USDCAD’s bounce off the three-month old ascending trend-line presently struggles with 1.3200-1.3210 horizontal-region in order to justify its strength in targeting the 1.3260 and the 1.3340 resistances. In case the pair manage to extend its recovery beyond 1.3340 on a daily closing basis, the 1.3385 and the 1.3470, comprising 61.8% FE can please the Bulls. On the contrary, the 1.3130-20 is likely immediate support for the pair to test during its pullback before revisiting the 1.3060 TL figure. Assuming that the quote keep declining beneath the 1.3060, the 50-day SMA level of 1.3025 and the 1.3000 round-figure can act as buffers prior to highlighting the 1.2925 mark, encompassing 100-day SMA.
Having failed to surpass the 1.5440-45 resistance-zone, the EURCAD seems inclined to re-test the 1.5285-80 support-area; however, the 1.5340 can offer intermediate halt to the pair. Should prices dip below 1.5280, the 1.5220 and the 1.5150 are expected following rests that can be availed if holding short positions. Let’s say the pair surpasses the 1.5445 upside barrier, then it can quickly rise to 1.5480 and the 1.5540 resistances.
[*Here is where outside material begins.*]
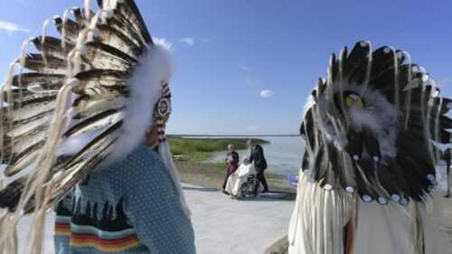 Desiderio – per il Papa e per gli indigeni – oggi realizzato con la Liturgia della Parola celebrata a metà pomeriggio (ora canadese), dopo la Messa mattutina nel Commonwealth Stadium di Edmonton con 50 mila fedeli. Molti sono ora presenti nella distesa verde che circonda il lago, a ripararsi con ombrelloni dal sole o poggiati alle transenne con numerosi rosari in mano oppure sulle barche in mezzo al lago. Vicino la riva sorge un’antica chiesa parrocchiale, ricostruita nel 2009 dopo un incendio, che il Papa raggiunge in sedia a rotelle accolto da sacerdoti e fedeli. E ancora in carrozzina, baciando durante il tragitto due neonati, Francesco arriva al pontile che guarda il lago, dove sosta in silenzio per alcuni istanti. Infine benedice l’acqua e, ripercorrendo il percorso a fianco alle transenne, con alle spalle i leader indigeni, asperge i fedeli.

Moreover, pair’s successful rally above 1.5540 can push buyers to aim for the 1.5585 and the 61.8% FE level of 1.5700.
Even after bouncing off the 1.7285-95 support-region, the GBPCAD has to clear the 1.7460-70 hurdle if the pair is to make itself eligible for the 1.7515 and the 1.7550 resistances. Given the pair crosses the 1.7550, the 1.7580, the 1.7615 and the 1.7670 could try challenging the optimists ahead of channeling market attention towards recent high of 1.7770. Alternatively, the 1.7360, the 1.7360 and the 1.7295-85 may offer nearby supports to the pair, breaking which the 1.7250 and the 1.7200 could entertain the sellers. During the pair’s additional declines below 1.7200, the 1.7110 and the 1.7050 may appear in the traders’ radar.
With more than six-month old descending trend-line restricting the CADJPY’s immediate upside, together with overbought RSI, the pair is likely witnessing profit-booking towards the 84.70 and the 84.40 but 100-day SMA level of 83.95 may limit its further south-run. If the pair refrains to respect the 83.95 SMA number, the 83.50, the 83.00 and an upward slanting trend-line, at 82.40, should be watched carefully. Meanwhile, pair’s ability to run above the 85.45 TL on a daily closing basis can escalate its north-run to 85.90 and the 200-day SMA level of 86.20 whereas 86.70-80 horizontal-region can provide tough resistance afterwards. In case prices continue rallying beyond 86.80, the 87.80 and the 88.30 could become crucial.